This paper aims to review a journal article entitled “Data Mining with Big Data” by Xindong Wu, Fellow, IEEE, Xingquan Zhu, Senior Member, IEEE, Gong-Qing Wu, and Wei Ding, Senior Member, IEEE, which was published on January 2014. Furthermore, the paper will be divided into various subsections to provide an organization of the points being reviewed.
Objectives and Domain
The objective of the article was to discuss the limitations of using the HACE theorem as a tool to model Big Data or large data sets. The importance of the proper use of Big Data through careful analysis in many fields including the physical and biological sciences was also given emphasis in the article. Since users have different perspectives when looking at a data, HACE Theorem will make these data to be generalized enough so all people will look at the data with same meaning and interpretation.

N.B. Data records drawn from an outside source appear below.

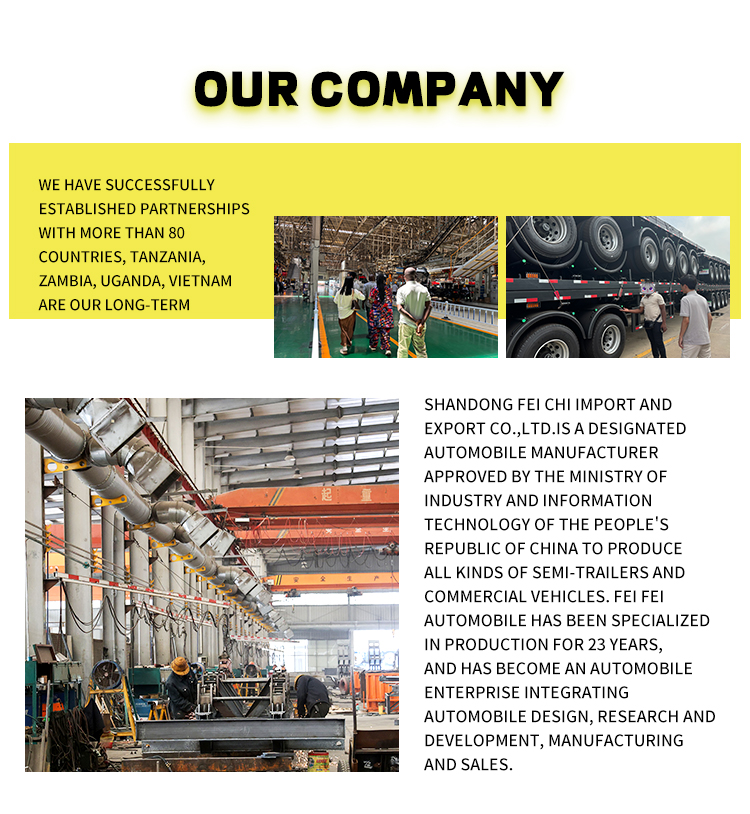 Nhà máy của chúng tôi không chỉ sản xuất máy kéo mà còn sản xuất xe ben, xe phun nước, xe cần cẩu, xe trộn, rơ moóc tự đổ, rơ moóc bồn, rơ moóc sàn thấp, rơ moóc loại bỏ bụi, v.v. Nhà máy của chúng tôi có quy mô lớn và có thể tùy chỉnh các sản phẩm khác nhau theo yêu cầu khác nhau của khách hàng
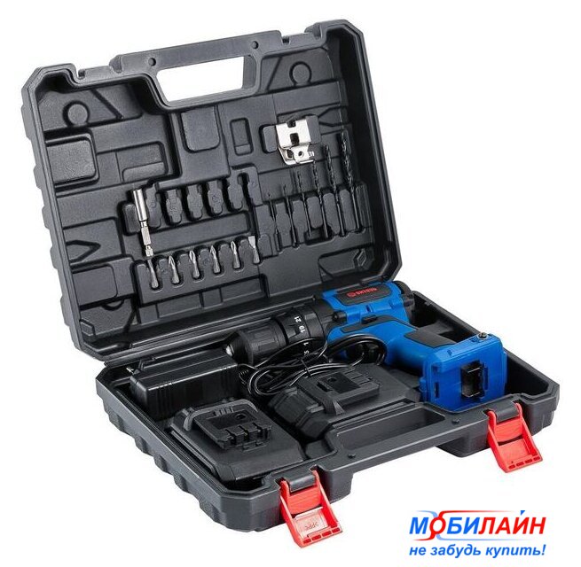 Комплектация | - кейс;- 2 шт аккумулятора;- битодержатель;- набор бит;- набор сверл. |
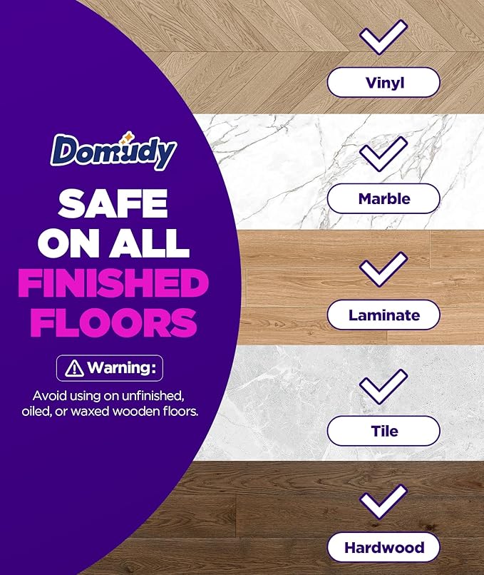 - 【Multi-Surface Safe, Streak-Free Clean】Worried about damaging your delicate floors? With Domudy, that's never a problem! Our mop refills are made with gentle materials, safe for all sealed floors including hardwood, vinyl, laminate, tile, marble, and stone. Mopping pads refills provide the right cleaning power, maintaining your floor's shine while offering the perfect care for any setting. Note: Not recommended for unfinished, oiled, or waxed wood, unsealed tiles, or carpeted surfaces.
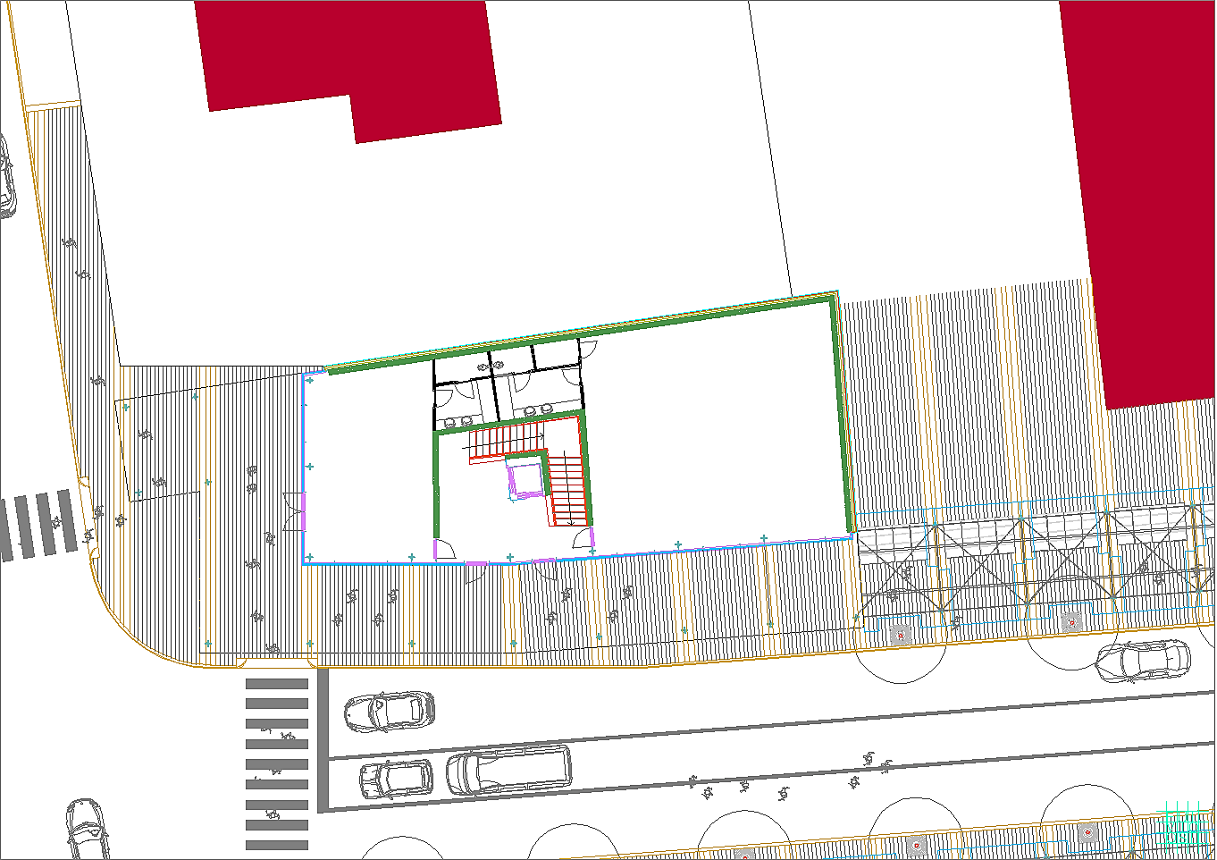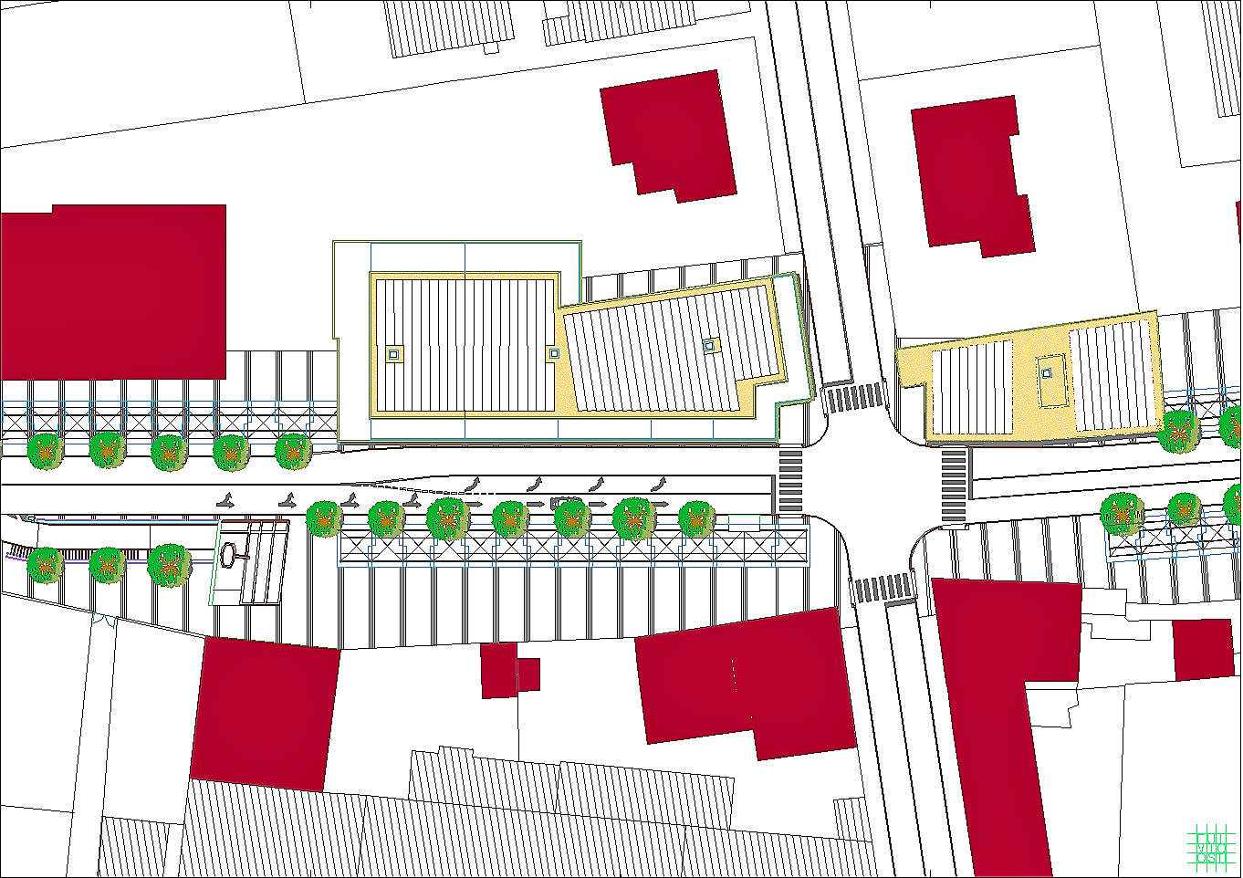 Nella definizione della piazza è fondamentale il presente progetto, che annulla il parcheggio all'angolo e definisce lo spazio pubblico. (novembre 2017- gennaio 2018)

The domain of the article or topic area is data engineering. It includes an in depth discussion of the four components of the HACE Theorem: Heterogeneity and diversity, autonomy and decentralization, and complexity and evolution. Heterogeneity and diversity focuses on how data are being interpreted in different ways. This can be seen in different applications such as in medicine, where the use of CT scan and X-rays used data images to detect a certain disease. Second is autonomy and decentralization. Just by these words, Data are being organized independently without the need to rely on other domains to function. Finally, the complexity and continuous evolution of data would mean that memory is becoming large as well, and there is no room for storage for such development. Beside this, data are becoming difficult to analyze and decode, due to the potentials of evolution. These issues impose challenges to the experts as to how data will be centralized for general purposes
The intended audience of the article may be those who have a keen interest in the utilization of the information that are readily available but are too large to be able to extract relevant information. Among those are company executives that wish to improve their profitability by understanding human behavior, researchers in the biological and physical sciences that generate a tremendous amount of data that may be more useful if consolidated efficiently, IT Professionals, Statisticians, and the like. The article requires that the reader is able to grasp concepts in data engineering and processing such as costs, privacy issues, and understand the basic relevance of data algorithms. This is because the article is written in a comprehensive approach that does not define each concept in detail, but rather assumes that the reader has already read articles that may serve as a foundation to understand the whole article.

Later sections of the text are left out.